No cruzeiro musical que Eva fez a bordo do Renaissance foram programados quatro jantares de gala ao longo dos 14 dias de viagem.
Os “Jantares coloridos”, como foram chamados, pediam trajes nas cores escolhidas para cada noite. No Rouge-gorge dominavam os tons de vermelho; no Colibri topázio, a gama dos amarelos; no Gorge bleue, os tons de azul. O Jantar do Comandante foi o último deles, fechando em grande estilo a temporada. Anunciado no programa como uma soiré cintilante, reuniria uma “palheta de todas as cores”. Para os cavalheiros, smoking com paletó branco ou preto.
Para os desprevenidos, uma butique da Galeries Lafayette vendia artigos variados, inclusive flores artificiais feitas especialmente para o cruzeiro pelo artesão que habitualmente fornecia para a Hermès, nos tons adequados a cada jantar.
EM TERRA FIRME, LUXO E DIVERSÃO CONTINUAM
Chegando ao seu destino, Eva continuava rodeada de luxo, conforto e diversão, hospedando-se nos mais tradicionais e requintados hotéis. Em Paris, preferia o Le Meurice, desde 1835 instalado na rue de Rivoli, um dos locais mais chiques da cidade, com vista para o Jardim das Tulherias. Em Roma, se hospedava no Excelcior, na Via Veneto; em Londres, escolhia o luxuoso Claridge´s, em Mayfair; e em Nova Iorque, o Waldorf-Astoria ou o The Plaza. Hotéis célebres por hospedar reis e rainhas, estadistas, artistas, intelectuais e outras celebridades.
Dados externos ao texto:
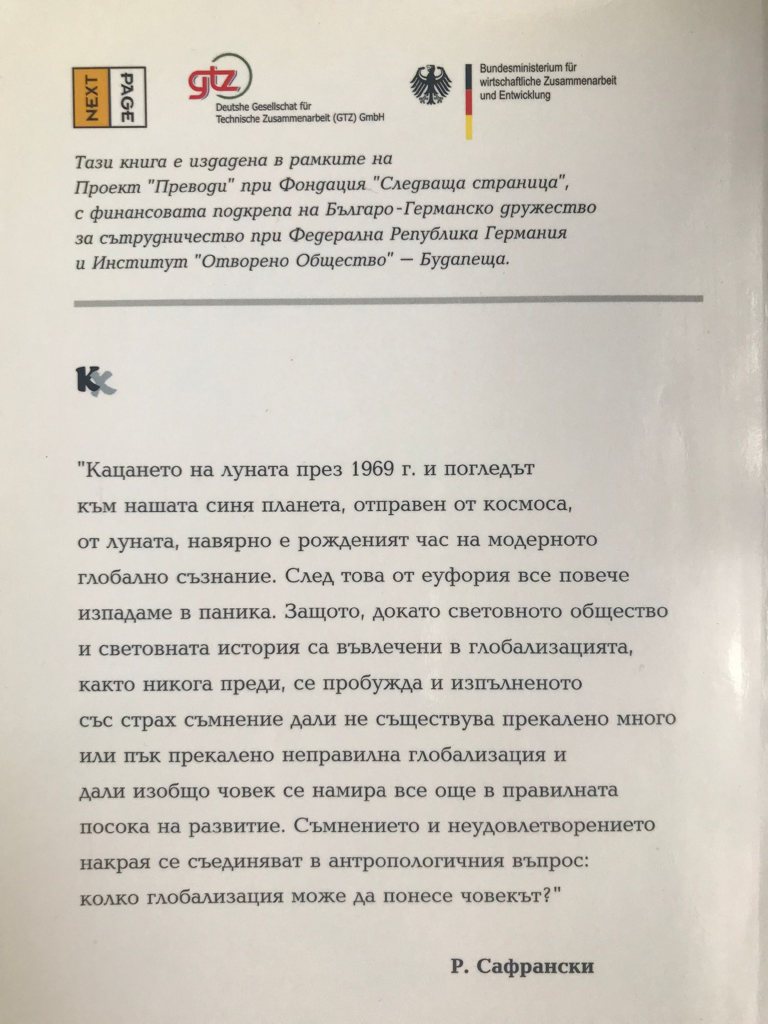 "Кацането на луната през 1969 г. и погледът към нашата синя планета, отправен от космоса, от луната, навярно е рожденият час на модерното глобално съзнание. След това от еуфория все повече изпадаме в паника. Защото, докато световното общество и световната история са въвлечени в глобализацията, както никога преди, се пробужда и изпълненото със страх съмнение дали не съществува прекалено много или пък прекалено неправилна глобализация и дали изобщо човек се намира все още в правилната посока на развитие. Съмнението и неудовлетворението накрая се съединяват в антропологичния въпрос: колко глобализация може да понесе човекът?" Р. Сафрански
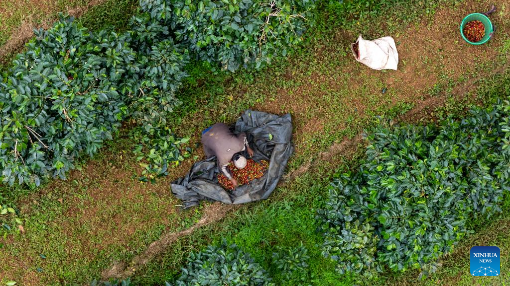 This drone photo taken on Nov. 9, 2025 shows a farmer picking up coffee beans at a coffee plantation in Champasak Province, Laos. Champasak Province is the main coffee-producing area of Laos. Boasting suitable climatic conditions and fertile volcanic soil, the area provides exceptional advantages for the growth of coffee trees. (Photo by Kaikeo Saiyasane/Xinhua)
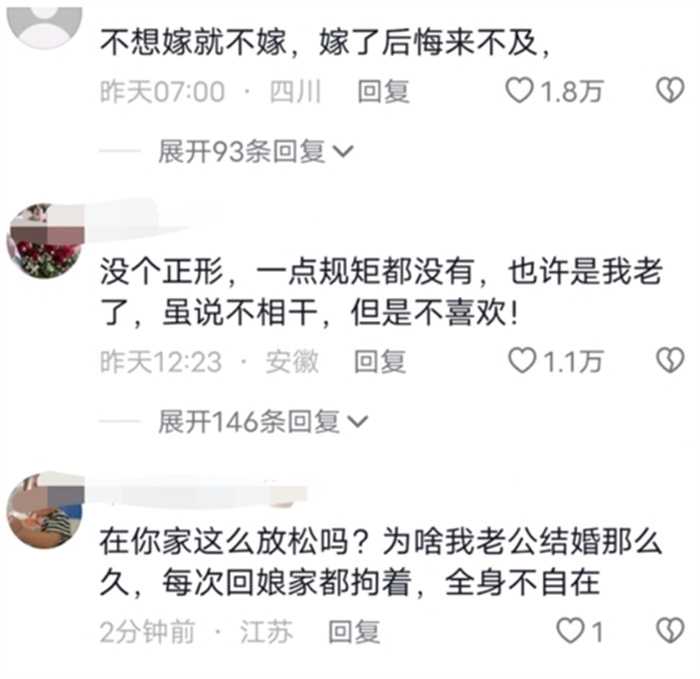 这个四川的阿姨说自己家的家庭情况也并不是多么好,所以让女儿找女婿的时候,也不用找偷,多么有钱,多么富有的,主要就是看一个人的人品,在相处的阶段,自己的准女婿也表现得非常好,来到家里之后也是会帮忙做家务,可是在订婚之后女婿每一次来自己家,不光不做什么事儿,反而还把鞋子脱了,躺在沙发上玩手机。这就让这个阿姨比较犹豫,觉得自己的女婿反差太大。
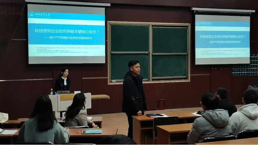 各位青年教师就张羽飞博士的研究选题、研究内容、研究方法等方面进行了讨论。李桂荣对报告进行了总结,称该研究结论丰富了产学研融合与关键核心技术突破的相关研究,对中国科技领军企业产学研深度融合突破关键核心技术的实践具有一定指导意义。
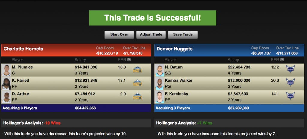 Again, I was looking to upgrade the Nuggets’ backcourt, but this time a bit more dramatically. Here the Nuggets get to plug Kemba Walker alongside a healthy starting lineup of Murray, Chandler, Millsap, and Jokic, with Kaminsky, Batum, and Barton coming off the bench. This team would be fun as all hell and a nice dark horse to make a run in the playoffs. The Hornets would shed some long-term salary and completely fuck up their positional allocation, but hey, if you want to rebuild this is where you start, especially since Denver will send their unprotected 1st round picks from both 2018 and 2019.
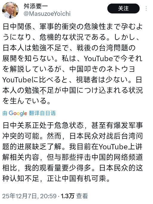 日本前东京都知事、国际政治学者舛添要一昨晚(12月7日晚)发文写道:“日中关系正处于危急状态,甚至有爆发军事冲突的可能。然而,日本民众对战后台湾问题的进展缺乏了解。我目前在YouTube上讲解相关内容,但与那些抨击中国的网络频道相比,我的观看量要少得多。日本民众的这种认知不足,正让中国有机可乘。” 舛(chuan)添忧心忡忡地表示,这种集体认知缺失,正在为中国的战略布局创造可乘之机。 更值得警惕的是,日本政坛近年来在台湾问题上频频踩线。从安倍晋三的"台湾有事就是日本有事",到岸田文雄政府的"防卫预算翻倍"计划,日本正在逐步偏离和平宪法的轨道。 这些危险举动背后,是日本民众对台海风险的无知或漠视。舛添指出,当大多数日本人还沉浸在"和平宪法"的安全幻觉中时,政客们已经悄悄把国家推向战争边缘。 中国方面敏锐地捕捉到了日本的这种认知漏洞。近年来,中国通过多种渠道向日本传递信息,一方面强调台湾问题的红线不容触碰,另一方面又刻意展示军事实力。 这种"胡萝卜加大棒"的策略,在日本民众认知不足的背景下显得格外有效。舛添观察到,中国正在利用日本的信息不对称,逐步压缩日本在台海问题上的操作空间。 日本媒体在这场认知战中扮演了极不光彩的角色。主流媒体要么回避敏感话题,要么跟着美国鹦鹉学舌,很少提供客观全面的分析。而网络空间更是被极端言论占据,理性声音被淹没在口水战中。 舛添的遭遇就是明证——一个试图讲真话的学者,竟然敌不过那些哗众取宠的网红。这种媒体生态,让日本民众越来越难以获得真实信息。 教育领域的缺失同样令人担忧。日本的历史教科书对殖民统治和战争罪行的轻描淡写,直接导致了年轻一代对台湾问题的认知空白。当中国学生都能背诵"台湾是中国不可分割的一部分"时,日本学生却连《开罗宣言》的基本内容都不了解。这种教育差距,正在转化为国家认知的鸿沟。 经济因素也在暗中影响着日本民众的判断。作为世界第三大经济体,日本对华贸易额占比高达20%以上。这种经济依赖让许多日本人产生了"和平幻想",认为中国不会为了台湾问题破坏经济合作。舛添警告说,这种想法极其危险,完全低估了中国在台湾问题上的决心和意志。 国际格局的变化更让台海局势雪上加霜。美国正在加速推进"印太战略",日本被推到了对抗中国的最前线。但日本民众似乎没有意识到,自己已经成了大国博弈的棋子。舛添在节目中反复强调,日本正在被美国绑上战车,而大多数日本人对此还蒙在鼓里。 最令人忧心的是,日本社会缺乏危机意识。二战结束后,日本享受了七十多年的和平,年轻一代已经忘记了战争的残酷。 当舛添警告"军事冲突可能爆发"时,很多人觉得这是危言耸听。这种集体麻痹状态,恰恰是中国最希望看到的。 舛添要一的警示绝非空穴来风。近年来,中国军机绕台、军舰穿越宫古海峡的频率越来越高,每一次都在试探日本的底线。而日本社会的反应却越来越迟钝,这种反常现象背后,正是认知不足在作祟。当中国步步为营推进统一进程时,日本却还在为细枝末节争论不休。 更值得深思的是,日本政客们似乎也在刻意利用民众的认知不足。他们一方面渲染"中国威胁论"为扩军找借口,另一方面又回避台湾问题的敏感性,这种两面手法让日本民众更加困惑。舛添指出,日本政客的短视行为,正在把国家推向危险境地。 社交媒体时代的信息茧房效应,让这个问题变得更加棘手。算法推荐让日本人越来越只看到自己想看的内容,那些理性客观的声音反而被边缘化。 舛添的YouTube频道门可罗雀,而极端言论却病毒式传播,这种信息生态的扭曲,正在侵蚀日本社会的理性判断能力。 中国方面显然已经看透了日本的这种弱点。近年来,中国在对日宣传中刻意突出"历史正义"和"民族情感",同时淡化军事威胁的表述。 这种软硬兼施的策略,在日本民众认知不足的背景下显得格外有效。舛添观察到,中国正在通过信息战和心理战,逐步瓦解日本在台海问题上的抵抗意志。 更令人忧虑的是,日本缺乏像舛添这样敢于说真话的学者。大多数国际政治学者要么随波逐流,要么明哲保身,很少有人愿意触碰敏感话题。 这种学术界的集体沉默,让日本社会更加难以获得客观理性的声音。舛添的孤独发声,恰恰凸显了日本知识界的失职。 从现实角度看,舛添的警告绝非危言耸听。近年来,台海局势的紧张程度不断升级,而日本的应对却显得越来越被动。当中国已经做好各种预案时,日本还在为"是否介入"争论不休。这种反应迟缓,很大程度上源于民众认知不足导致的决策困境。 舛添要一的警示应该成为日本的警钟。当一位资深政治学者都如此忧心忡忡时,日本社会确实该好好反思了。认知不足不是小事,它可能决定国家的命运。如果日本不能及时补上这一课,恐怕真要像舛添警告的那样,给中国创造可乘之机了。
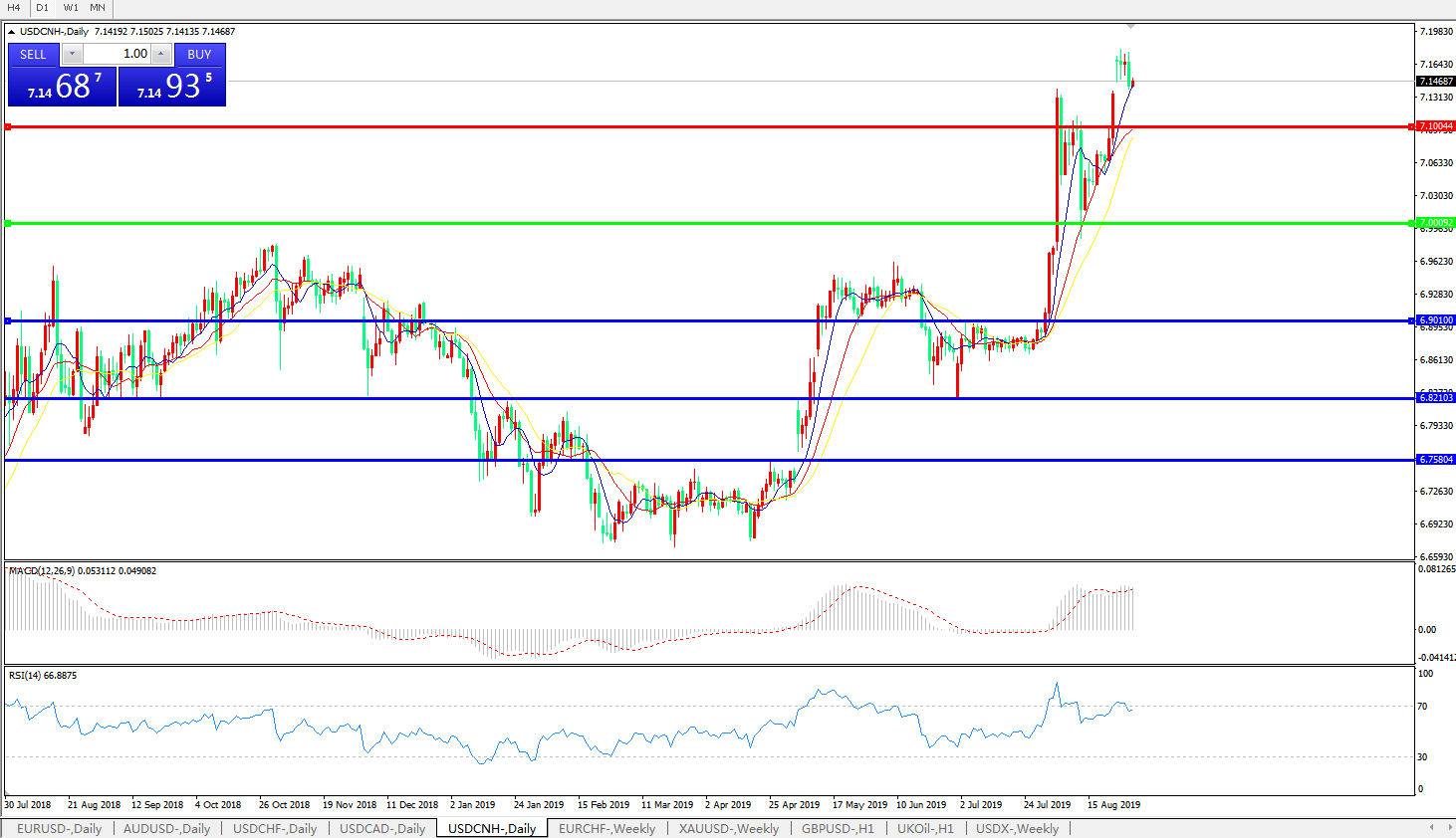 技术面简析:日图均线呈有序多头排列,汇价走高后维持窄幅整理态势,MACD运行在0轴上方且动能有再度放量迹象,RSI下修离开超买区域,预计短期汇价将维持攻势,重点关注7.20-7.30区间的压制;中美贸易战后续进展决定汇价中期走势。
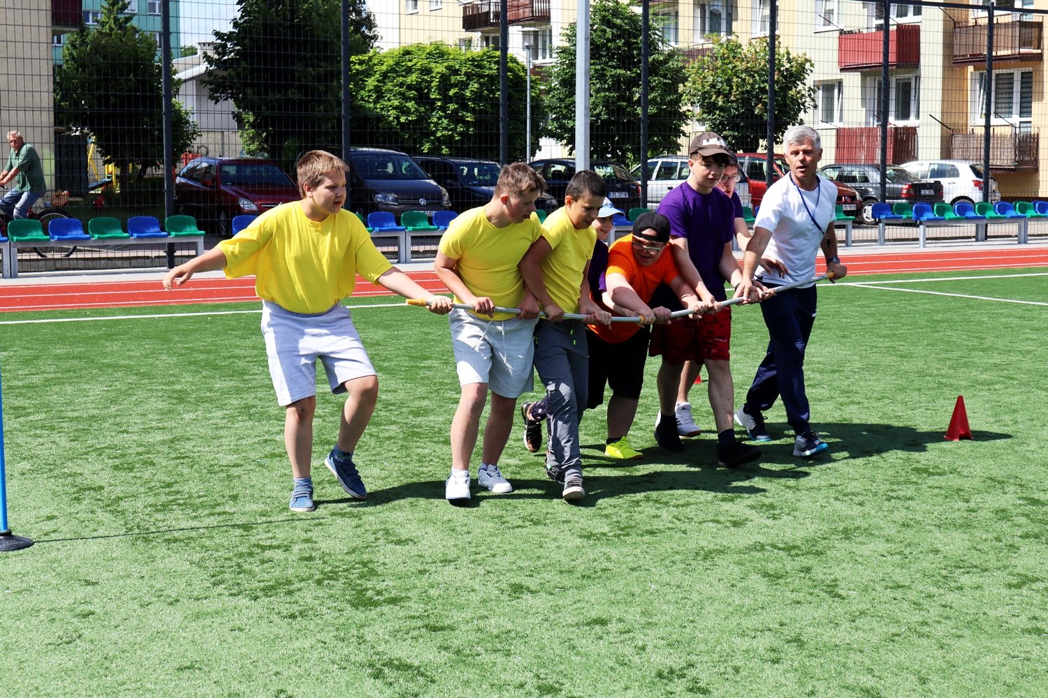 W dniu 12 czerwca 2024 roku, na nowopowstałym boisku szkolnym przy Szkole Podstawowej nr 3 z Oddziałami Integracyjnymi w Biłgoraju odbyła się Spartakiada Sportowo – Rekreacyjna dla uczniów niepełnosprawnych uczęszczających do zespołów edukacyjno – terapeutycznych w naszej szkole.
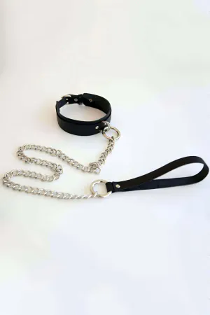 Black Choker with Thick Leather Chain Detail - APFT282
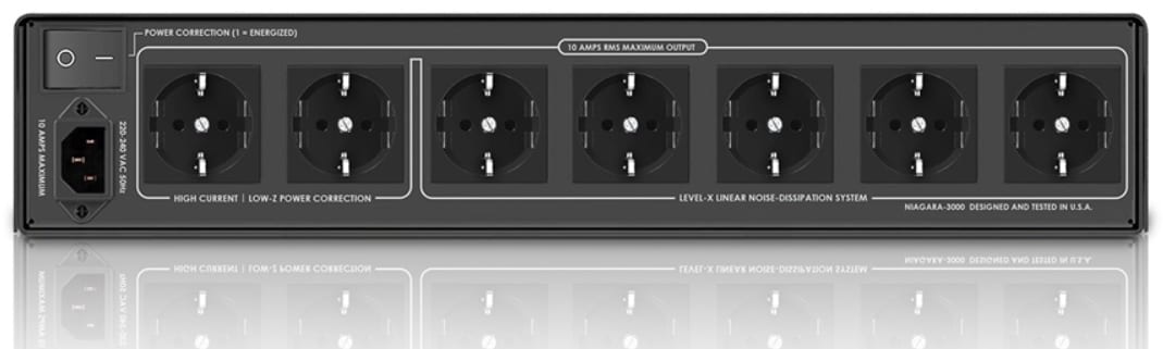 В устройстве используется фирменная патентованная технология AC Ground Noise-Dissipation System, представляющая собой высокоэффективную систему рассеивания фоновых шумов заземляющей шины. Такая система не оказывает влияния на общую безопасность и не провоцирует появление низкоуровневых контуров заземления. В AudioQuest NIAGARA 3000 задействована специальная линейная технология подавления шумов Level-X, которая работает в ультраширокой полосе и не приводит к возникновению множества резонансных пиков, что часто происходит в обычных сетевых кондиционерах. Модель также получила уникальную пассивную/активную цепь Transient Power Correction Circuit, которая занимается коррекцией процессов, связанных с питанием, и активируется посредством расположенного на тыльной панели корпуса переключателя. В данной цепи применяется токовый резервуар, позволяющий выдавать пиковые токи в 55 ампер, что особенно важно для питания и корректной работы оконечных усилителей с большим энергопотреблением. Благодаря такой схемотехнике удается избавиться от «просадки» динамики звучания. Для подключения усилителей и прочей сильноточной AV-техники (AV-ресиверов, активных сабвуферов и др.) на тыльной панели корпуса имеется отдельная пара розеток High Current, которые используют цепи дифференциального фильтрования с низким импедансом в тандеме с системой подавления шумов «земляной» шины, а также позволяют избавиться от такой проблемы, как компрессия тока. Остальные пять розеток, оснащенных линейной технологией подавления шумов Level-X, предназначены для аудио/видео-компонентов с небольшим потреблением тока. Контактные поверхности всех гнезд изготовлены из качественной меди с серебряным покрытием.
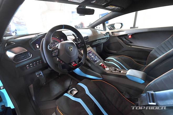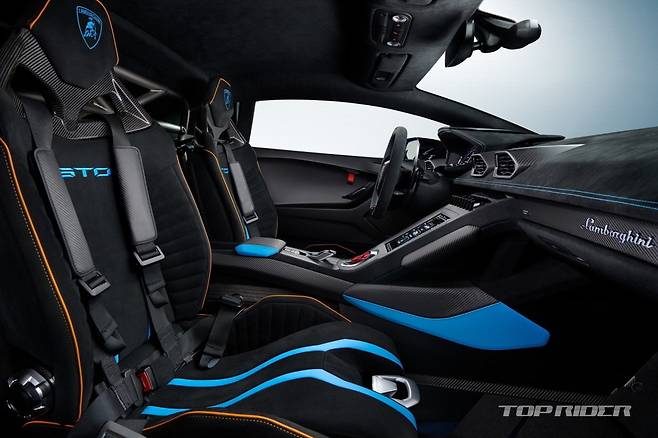 실내에는 람보르기니 카본 스킨과 조화를 이룬 알칸타라 소재, 카펫을 대체한 탄소 섬유 바닥 매트, 탄소 섬유 카본 시트, 4점식 안전벨트가 있는 롤 바 등이 적용됐다. HMI 그래픽은 주행모드, LDVI 시스템, 타이어 압력, 브레이크 온도 등 차량 주요 기능을 제어할 수 있다.
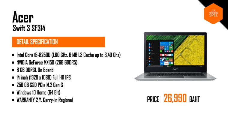 หมายเหตุ ข้อมูลที่แสดงในหน้านี้อาจไม่ครอบคลุมทุกส่วนที่มีภายในตัวเครื่อง ซึ่งทางเว็บไซต์สามารถทำการเปลี่ยนแปลงแก้ไขข้อมูลได้ โดยไม่ต้องแจ้งให้ทราบล่วงหน้า ผู้อ่านควรศึกษาข้อมูลเพิ่มเติมจากเว็บไซต์ผู้ผลิตสินค้า และควรสอบถามข้อมูลเพิ่มเติม จากผู้ขายสินค้า ณ จุดวางจำหน่ายทุกครั้ง เพื่อความถูกต้อง หากพบว่าข้อมูลรายละเอียดที่เราแสดงในหน้านี้มีความผิดพลาดหรือพบปัญหาในการแสดงผลของเว็บไซต์ โปรดแจ้งให้เราทราบได้ที่ feedback@notebookspec.com
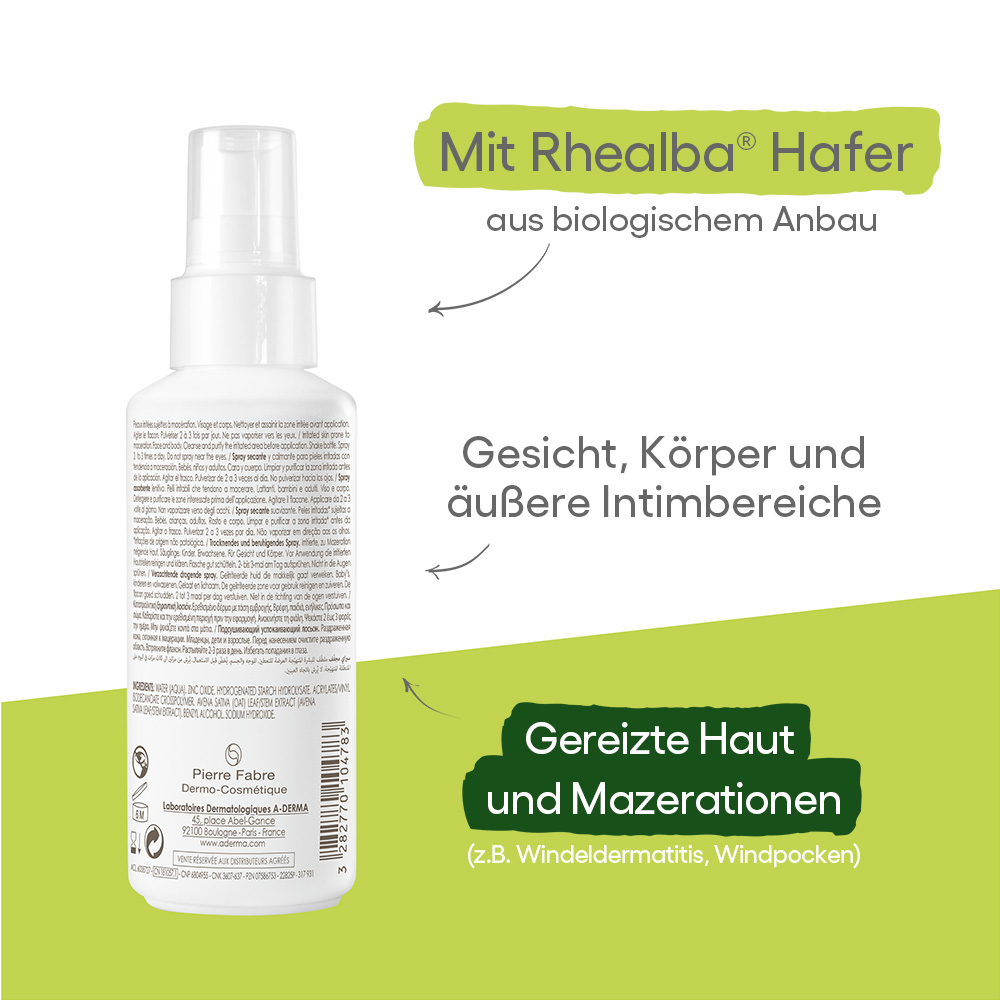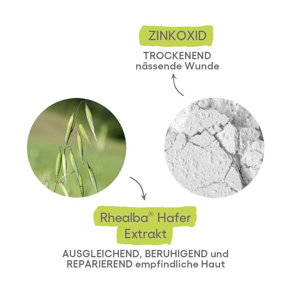 Pflanzenbasierte feuchtigkeitsabsorbierende und beruhigende Pflege bei nässenden Hautirritationen als Spray für eine schmerzlose Anwendung.

Eva frequentava também os mais famosos e pitorescos restaurantes, onde desfrutava de momentos alegres e descontraídos em boas companhias.
VIAJANDO COM ESTILO
Um conjunto de malas belas e sofisticadas, com peças cuidadosamente desenhadas e produzidas artesanalmente por maleiros famosos, foi, por muito tempo, quase uma obrigatoriedade entre os viajantes abastados e requintados em seus destinos fantásticos.
Eva sempre viajava com uma bagagem considerável, geralmente mais de uma dúzia de volumes; exigia que sua acompanhante tivesse um inventário preciso de todos os itens e pudesse localizar qualquer um deles em questão de segundos.
Marcas famosas compõem essa coleção de malas, quase sempre com monogramas, sinal de requinte e exclusividade. A francesa Goyard, a italiana Franzi e a americana Hartmann se destacam entre essas “companheiras” de viagem que Eva levava mundo afora.